Topological Models refer to how the variables are placed with respect to one another and thus helps in creating a classification or taxonomy of the model. Once can have logical trees, class trees, Venn diagrams, and other imaginative pictorial representation of fields to further shed light on the object being studied. In fact, pictorial representations must abide by constant scale, direction and placements. In other words, if the variables are placed on a different scale on different maps, it would be hard to draw logical conclusions by sight alone. In addition, if the placements are at different axis in different maps or have different vectors, it is hard to make comparisons and arrive at a shared consensus and a logical end result.
Arithmetic Models are what we generally fall back on most. The data is measured with an arithmetic scale. It is done via tables, equations or flow diagrams. The nice thing about arithmetic models is that you can show multiple dimensions which is not possible with other modeling languages. Hence, the robustness and the general applicability of such models are huge and thus is widely used as a key language to modeling.

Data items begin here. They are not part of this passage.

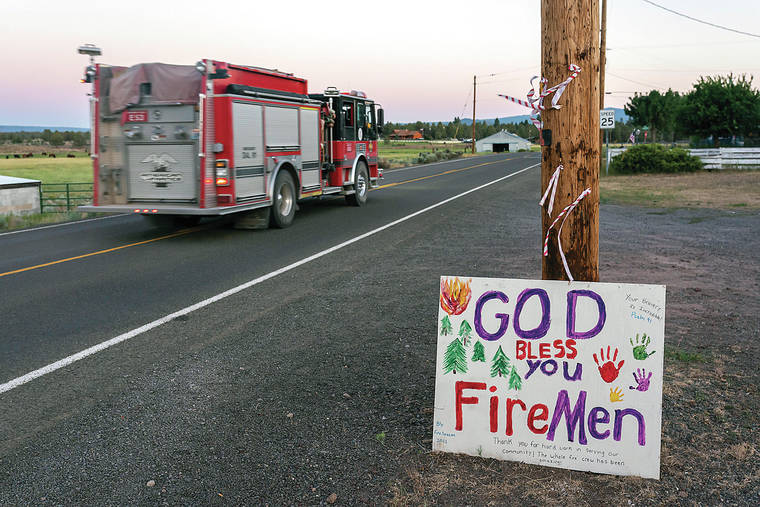 BLY, Ore. — Lower winds and better weather helped crews using bulldozers and helicopters battling the nation’s largest wildfire in southern Oregon, but gusty winds pushed a Northern California wildfire into Nevada on Thursday, prompting evacuations as blazes burn across the West.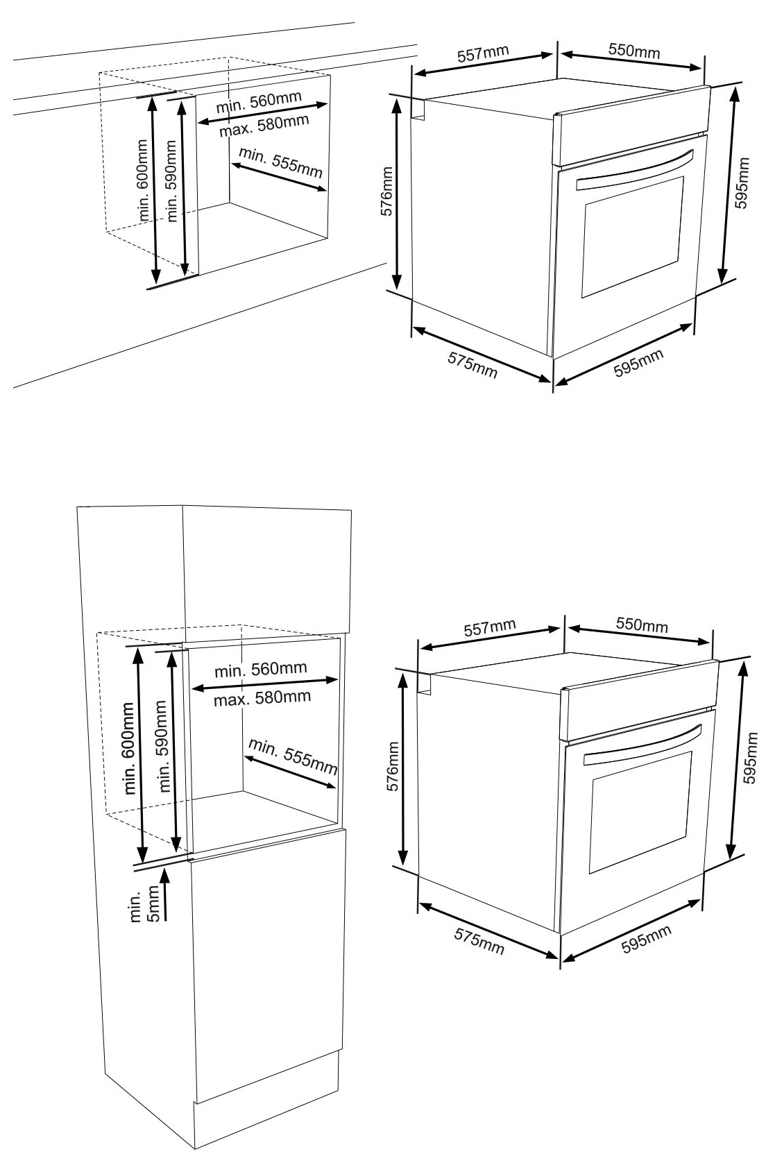 Размер ниши для встраивания в столешницу (В*Ш*Г), см 59x56x55,5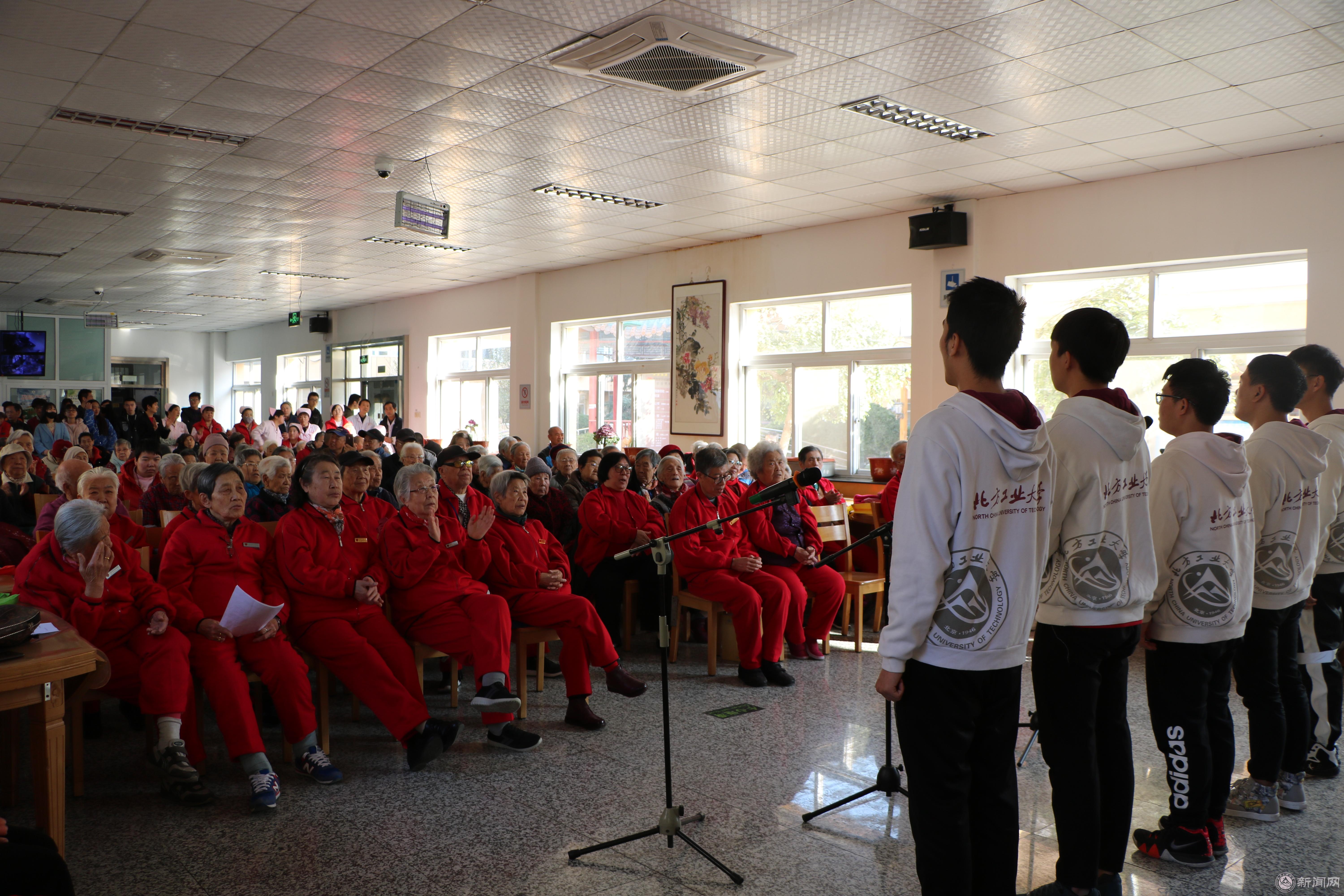 土木工程學院與石景山區社會福利院共建的“親近夕陽”志愿服務活動始于1999年,至今已有二十個年頭,恰逢今年改革開放四十周年,可謂雙喜臨門。活動開始前,志愿者們接來一位行動不便的老人入座,隨后聯歡活動在志愿者們合唱《紅旗飄飄》的歌聲中拉開帷幕,過程中,志愿者們和福利院老人們相繼上臺演出,載歌載舞,親熱互動,臺下的老人們也看得津津有味,不時發出陣陣掌聲。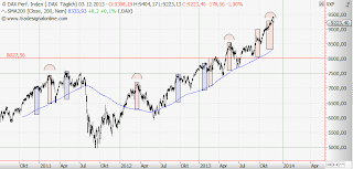 Selbst wenn von hieraus eine Gegenbewegung starten sollte, wird es vorläufig kaum zu neuen Allzeithochs kommen. Eher wird ein Test der 50-Tagelinie erfolgen. Dies kann ich dem Verhalten des Bollingerbandes zu entnehmen.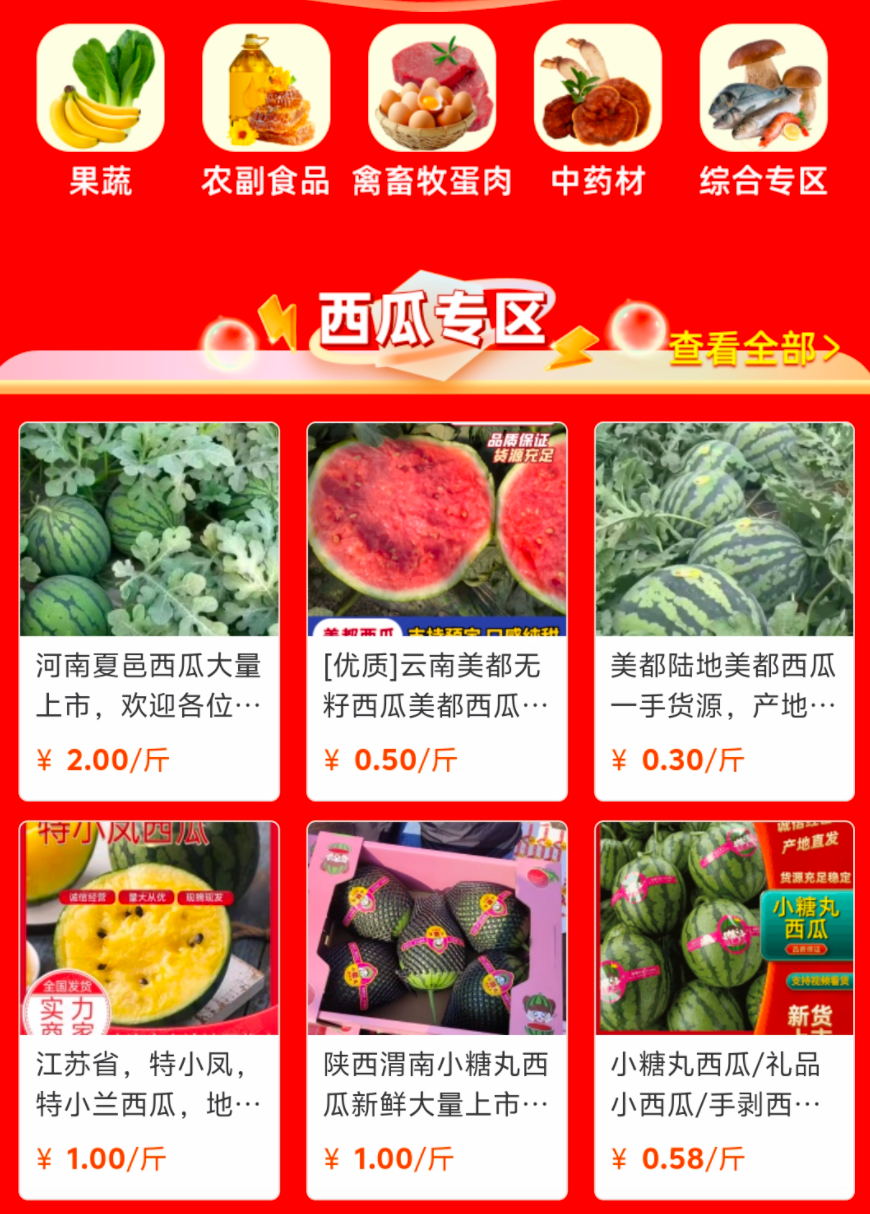 目前各地西瓜正值大量出货期,一亩田平台特别设置了“春季拿货节会场”西瓜板块,汇集了全国各大西瓜主产区优质货源,帮助采购商了解行情、快速对接。

Analogous Models refer to crafting explanations using the power of analogy. For example, when we talk about waves – we could be talking of light waves, radio waves, historical waves, etc. These metaphoric representations can be used to explain phenomenon, but at best, the explanatory power is nebulous, and it would be difficult to explain the variations and uncertainties between two analogous models. However, it still is used to transmit information quickly through verbal expressions like – “Similarly”, “Equivalently”, “Looks like ..” etc. In fact, extrapolation is a widely used method in modeling and we would ascertain this as part of the analogous model to a great extent. That is because we time-box the variables in the analogous model to one instance and the extrapolated model to another instance and we tie them up with mathematical equations.